- Born: Roy Norman Guest 13 March 1934 İzmir, Turkey
- Died: 23 September 1996 (aged 62) Faversham, Kent, England
- Occupations: Musician, promoter

= Roy Guest =

British folk singer and impresario (1934–96)

Roy Norman Guest (13 March 1934 – 23 September 1996) was a British folk singer and music promoter.

==Life and career==
Born in İzmir, Turkey, to a British father and Ukrainian Greek mother, he grew up in Ebbw Vale, Monmouthshire. He trained as an actor, and began singing and playing guitar when a teacher at Summerhill School. After moving to Edinburgh to study anthropology and psychology, he met Jim Haynes of the Traverse Theatre, and the pair collaborated on producing a series of "Howffs" or folk nights. Notably, Bert Jansch started his career at the club which became a meeting place for folk musicians including Archie Fisher and Owen Hand, and the folk duo of Robin Hall and Jimmie Macgregor.

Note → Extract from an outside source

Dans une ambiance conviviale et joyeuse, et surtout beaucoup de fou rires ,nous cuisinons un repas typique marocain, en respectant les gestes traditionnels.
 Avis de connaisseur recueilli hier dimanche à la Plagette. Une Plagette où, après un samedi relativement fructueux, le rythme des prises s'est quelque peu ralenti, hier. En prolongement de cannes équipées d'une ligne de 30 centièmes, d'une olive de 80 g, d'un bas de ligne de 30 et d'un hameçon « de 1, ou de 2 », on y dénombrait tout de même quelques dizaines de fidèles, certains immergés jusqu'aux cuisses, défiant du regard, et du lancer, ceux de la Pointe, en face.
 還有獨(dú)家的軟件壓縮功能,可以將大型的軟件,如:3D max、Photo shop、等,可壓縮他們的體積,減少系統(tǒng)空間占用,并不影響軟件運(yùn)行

He came to wider prominence in the 1960s as a promoter with Harold Davison, and with Brian Epstein's NEMS enterprises. He oversaw the London concert debuts of Simon and Garfunkel, the Incredible String Band and Fairport Convention. Other concerts he promoted included those by Benny Goodman, Joan Baez, The Who, and Led Zeppelin. He was also an agent during the early careers of Al Stewart and Sandy Denny.

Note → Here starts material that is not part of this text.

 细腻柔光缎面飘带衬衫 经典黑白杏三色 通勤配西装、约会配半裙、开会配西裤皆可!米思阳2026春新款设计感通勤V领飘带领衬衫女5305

He later set up an agency and information service for the English Folk Dance and Song Society; established his own agency, Folk Directions; and organised folk festivals in the 1980s at the Fairfield Halls in Croydon. After moving to Faversham, Kent, he stood as an independent candidate in local elections, and chaired a local theatre group.

He died in Faversham in September, 1996, at the age of 62.